30 NOVEMBER 2014 Television T
HE 16 Days of Activism for No Violence Against Women and Children is upon us, during which women can expect a barrage of messages about how to control their behaviour to prevent men from raping them. Men, meanwhile, are apparently going to be reminded by the government this year that they need to be “protectors”.
If the morass of useless moralising about gender roles starts to bring you down, though, you can always take a refreshing dip into Masters of Sex, screening on M-Net’s new “Edge” channel. Edge only broadcasts at night, from 6pm to 5am, “due to the age-restricted content”, which suggests a sweet belief that everyone who isn’t old enough to handle slightly edgier programming is being packed off to bed at 5.59pm.
Recently, the Advertising Standards Authority upheld a complaint from the public that condom ads shown on SABC3 should be moved to later timeslots so that they are “not likely to reach a young audience”. Surely a “young audience” is precisely the demographic most in need of condom ads?
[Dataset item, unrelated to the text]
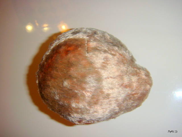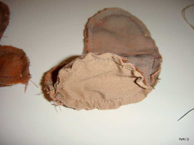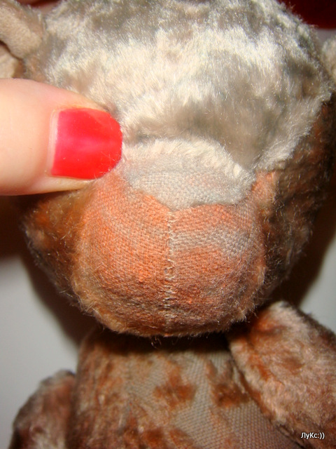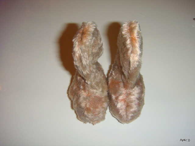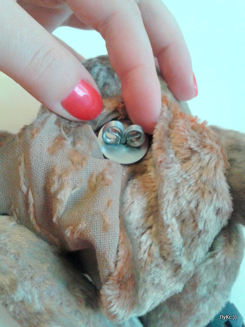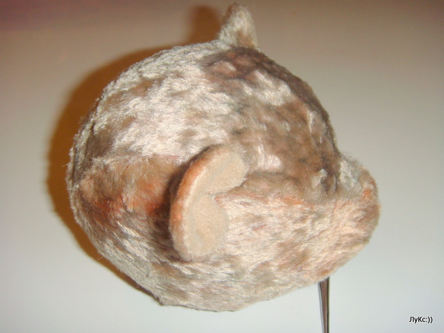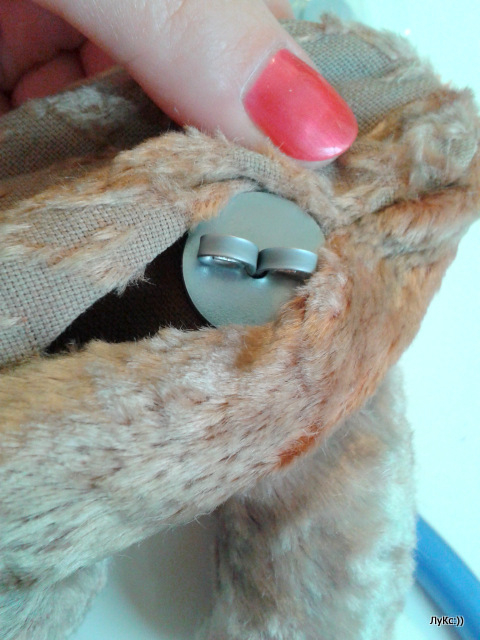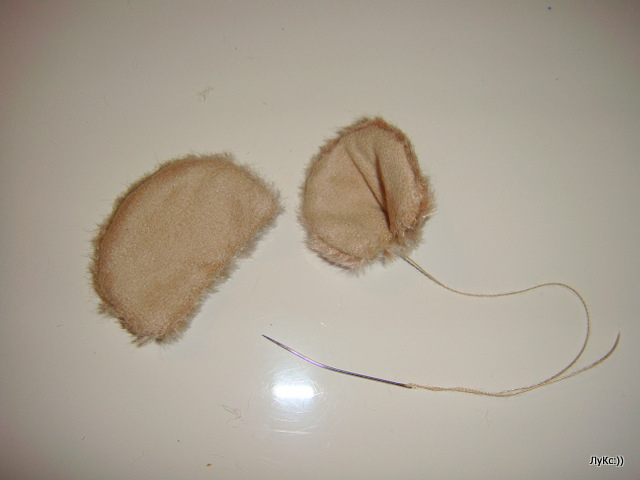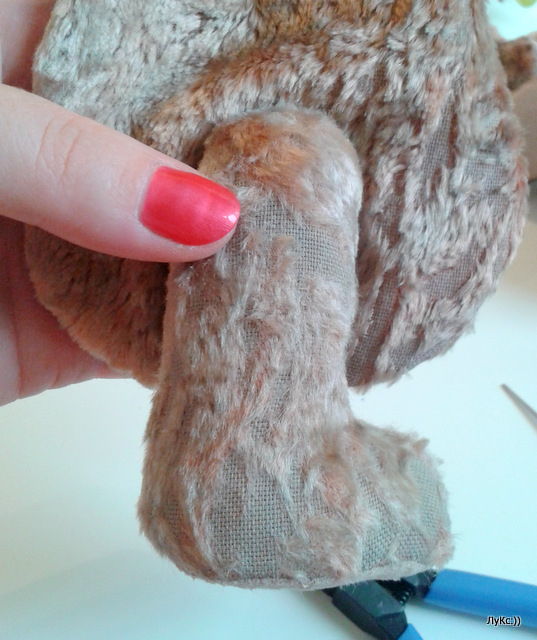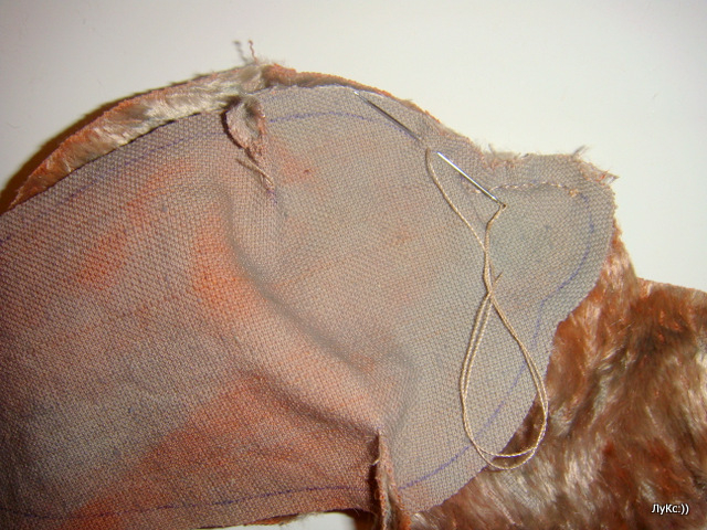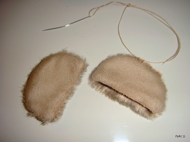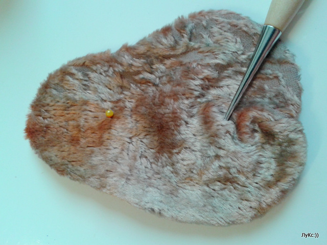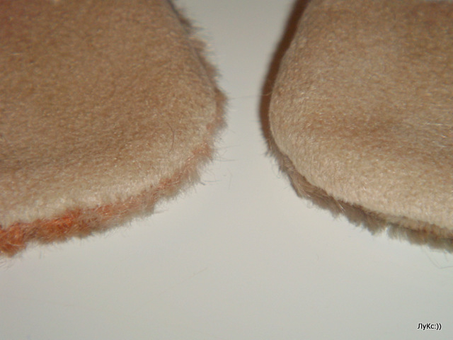 На вывернутых детальках вы заметите, что ворс "вшит" в швы, это легко исправить толстой иглой. Просто надо острием провести туда-сюда несколько раз по вшитому ворсу, и он расправляется и распушается. Вот на примере ушек показываю (справа ушко не обработано)

I feel confident that Bill Masters would agree. Masters is the main character in the ambiguously titled Masters of Sex, a series which sounds as if it’s a reality show about people who are really good at fornication. But even Edge isn’t as edgy as that — they haven’t yet brought us Sex Box, for instance, a UK reality show in which couples have sex in a private box on stage and then discuss it with a counsellor in front of a studio audience.
No, Masters of Sex is a drama, based on real historical events. It tells the story of Masters and Virginia Johnson, who began pioneering work into human sexuality in 1957.
“There are libraries on how babies are born and not a single study on how babies are made,” Masters complains incredu- lously in the first episode. Of course, he didn’t have access to the internet.
Before Masters, Alfred Kinsey had brought out The Kinsey Reports into sexual behaviour. The differ ence between Masters and Kinsey, however, was that Kinsey conducted his research by carrying out interviews with people. Masters got people to have sex in front of him, in his laboratory, strapped to electrodes. And not people who knew each other, either: people that he and Johnson arbitrarily paired.
There is sex in the show, of course. It’s not necessarily the kind of thing you’d want to watch with your boss, unless your boss happens to be a research gynaecologist. It’s very far from pornographic, but what does make it titillating is the incongruity of a period drama — often tame and chaste — in which the focus is on sexuality.
In different hands this subject matter could have seemed tacky, but the writing is excellent and the acting superb. Masters is played by Michael Sheen, the extraordinarily talented Welsh actor who impersonated Tony Blair in the 2006 movie The Queen. In early episodes, it’s his co-star Lizzy Caplan who really steals the show, however, playing his sexually liberated research assistant.
Masters himself is anything but liberated, but he is a brilliant obstetrician. The series can’t be blamed for this, since it’s dealing with historical fact, but one does weary a little of these shows featuring mysterious, maverick doctors with personality flaws (see: House; The Knick). That criticism aside, what Masters of Sex brings to the small screen is something that feels genuinely original.
“We sit like prudish cavemen in the dark, riddled with shame and guilt,” laments Masters. Damn that load-shedding.